Member countries offered a large number of best practices in restoration, also involving nature-based solutions, such as in agri-silvo-pastoral systems, conservation, protection and restoration of forests and other land types, and regenerative and restorative agriculture. Even if of a different scale, these experiences enabled member countries to share and learn from each other. Particularly G20 states offered insights into transformative changes in policies, legal frameworks, stakeholder collaboration modalities, and cooperation methods, all aiming at deploying the best available knowledge and experience on land restoration and on land-based solutions.

The presentations also highlighted the importance of national regulatory frameworks in considering the multidimensional and multi-sectoral aspects of implementing land restoration practices – to reach Land Degradation Neutrality – and mobilize finance and private sector engagement. They confirmed the need for multilateral collaboration and the importance of frameworks that can help to better link, share and learn from efforts that can be led centrally or may result from local subsidiarity, in a paradigm ensuring multiple benefits from land management and stewardship.

Almost all members’ presentations emphasized the economic benefits of restoration, particularly in light of the ongoing post-COVID recovery efforts. A recurrent theme was the engagement with the private sector.

As a number of member countries reported, restoration and conservation are two sides of the same coin, and several common solutions can be envisaged. Participants emphasized also the integration of restoration efforts, with its broader definition also encompassing conservation and sustainable land management, into mainstream development, and that sustainable development is dependent on restoration being effective and effectively embedded in a range of policies, strategies and programs, for instance by the EU.

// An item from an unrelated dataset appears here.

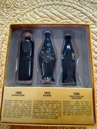 Evolution of the coca cola contour bottle box set 3 bottles set full

In the second section, the UNCCD Secretariat contributed introducing the G20 Global Initiative ten-year strategy and the three-year operational plan as the means to strengthen its Four Pillars.

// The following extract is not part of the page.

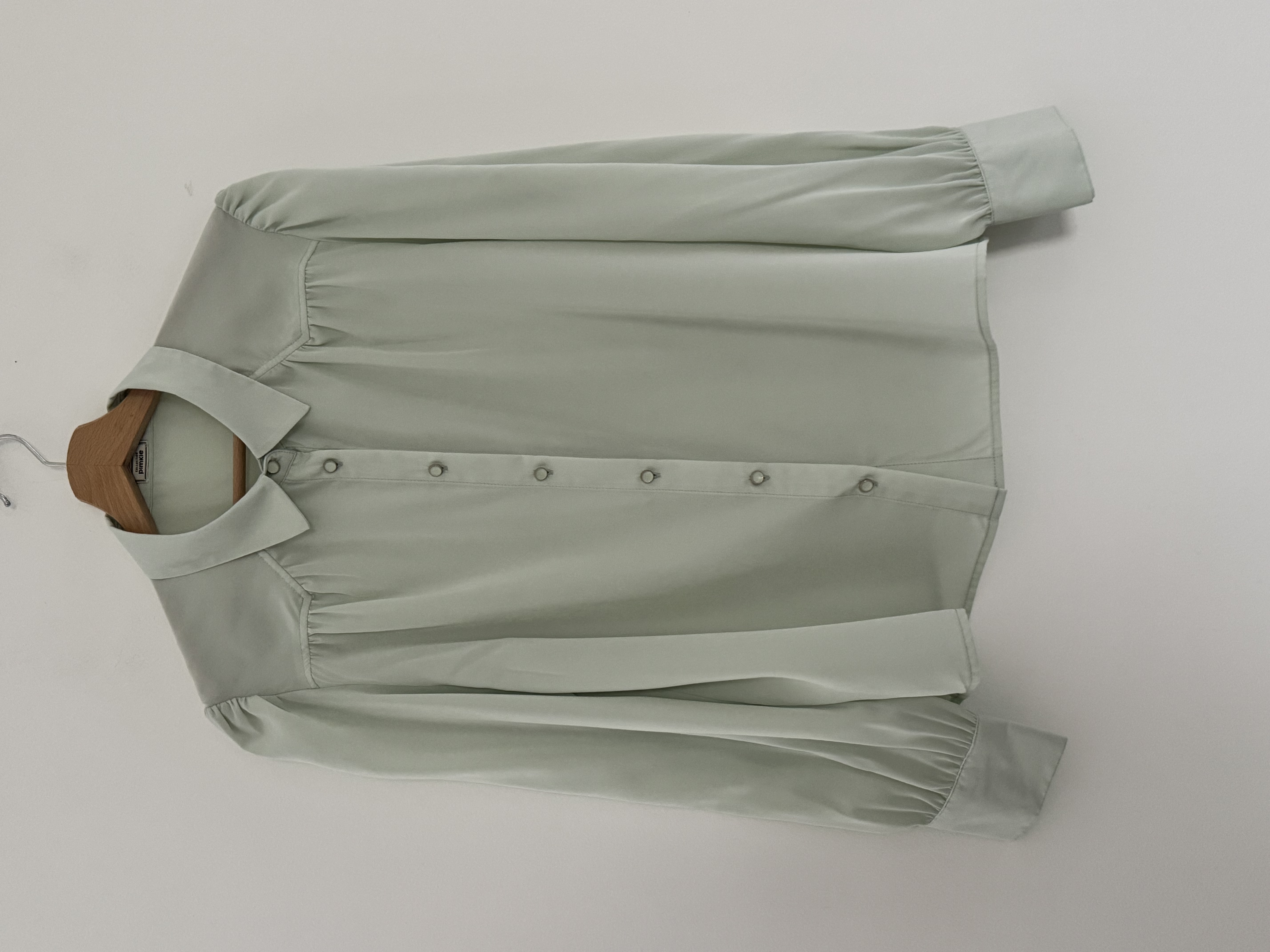 Une personne en Chemise manche longue Taille L debout, face à la caméra, dans une chambre à la lumière douce, avec une lumière naturelle filtrant par la fenêtre.

In sum, key insights from the workshop were:

  • Restoration is an opportunity to align the three Rio Conventions and strengthen synergies.
  • Agreement that land restoration/degradation is not separate from other key issues of biodiversity, water, climate change, food security, desertification, etc.
  • Importance to link local, national, regional and global interventions.
  • Evidence of the availability of whole suites of technologies, solutions, practices, methods, tools, policies, incentives, that need to be captured and made available for adaptation and deployment.
  • COVID-19 has underlined the importance of acting on land restoration and the need to capitalize on that in post-COVID recovery activities.
  • Land sector is increasing in importance for multiple reasons including GHG neutrality, biodiversity conservation, building resilience to drought as well as addressing pollution, improving air quality and other impacts on public health.
  • The initiatives presented also highlighted the importance of inclusive solution-seeking, especially where indigenous and local communities are involved and the importance of traditional knowledge in this aspect.
  • A lot of shared learning is possible in policy reforms and financial regulations.
  • A key aspect will be simultaneously elevating the importance of sound land stewardship at social, political, and commercial levels and also across all sectors.
  • Land-based green finance could deliver a multi-sectoral approach with multiple benefits in terms of climate change, biodiversity and food security.

The Chair also highlighted the role of youth to reinforce land-based solutions in the long term as part of decision-making processes having them today as recipients, and tomorrow as actors.

The workshop ended with Saudi Arabia and Italy closing remarks, welcoming the G20 Global Initiative’s important role in supporting land protection and restoring activities and recalling the main issues discussed.